Etisalat CEO Saleh Al Abdooli said the company’s restructuring, which was announced earlier this year, was finalised during the second quarter of 2016.
The aim of the process was “to help the delivery of our strategic objectives and enhance overall performance”, he said.
The new chief, who came on board at the end of March, reflected: “While the industry is renowned for the speed of change, Etisalat is also under going positive change.”
His comments came as the company reported a 2 per cent growth in second-quarter revenue to AED13.3 billion ($3.6 billion). This was mainly attributed to domestic operations and the performance of Maroc Telecom, and was impacted unfavourably by foreign exchange fluctuations, mainly in Egypt and Pakistan, as well as some fierce competition in certain markets.
In the UAE, revenue increased year on year by 3 per cent to AED7.7 billion.
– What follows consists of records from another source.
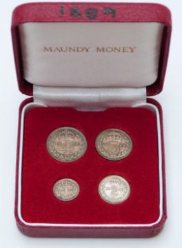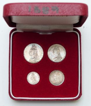 Victoria Jubilee head 1889 Maundy set, in case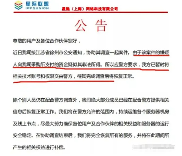 2021年11月,从事Filecoin的虚拟货币托管挖矿业务的FIL矿商星际联盟被徐州市公安局丰县分局抓获,原因是涉嫌组织、领导传销活动,以高额回报为诱饵,通过网络平台招募会员,实施非法集资。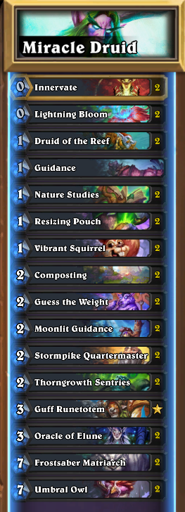 This Druid deck is an aggro-combo deck that is fully designed around casting a critical mass of cheap and free spells to take advantage of Guff Runetotem and Stormpike Quartermaster. Oracle of Elune can then double all of these buffs, letting us pump out a massive board all in one turn.

The performance was the result of a growing subscriber base, coupled with the launch of new services and bundles to both consumers and enterprises.
The performance of Etisalat’s international consolidated business disappointed with a 1 per cent fall in revenue to AED 5.5 billion.
Consolidated net profit after Federal Royalty payment increased year on year by 51 per cent to AED2.3 billion. The increase in profit was the result of lower finance costs, a foreign exchange gain during the period against a loss in the year ago quarter, as well as a lower Federal Royalty payment and a lower share of results from associates and discontinued operations.
The gain was partly offset by an increase in depreciation charges and taxation.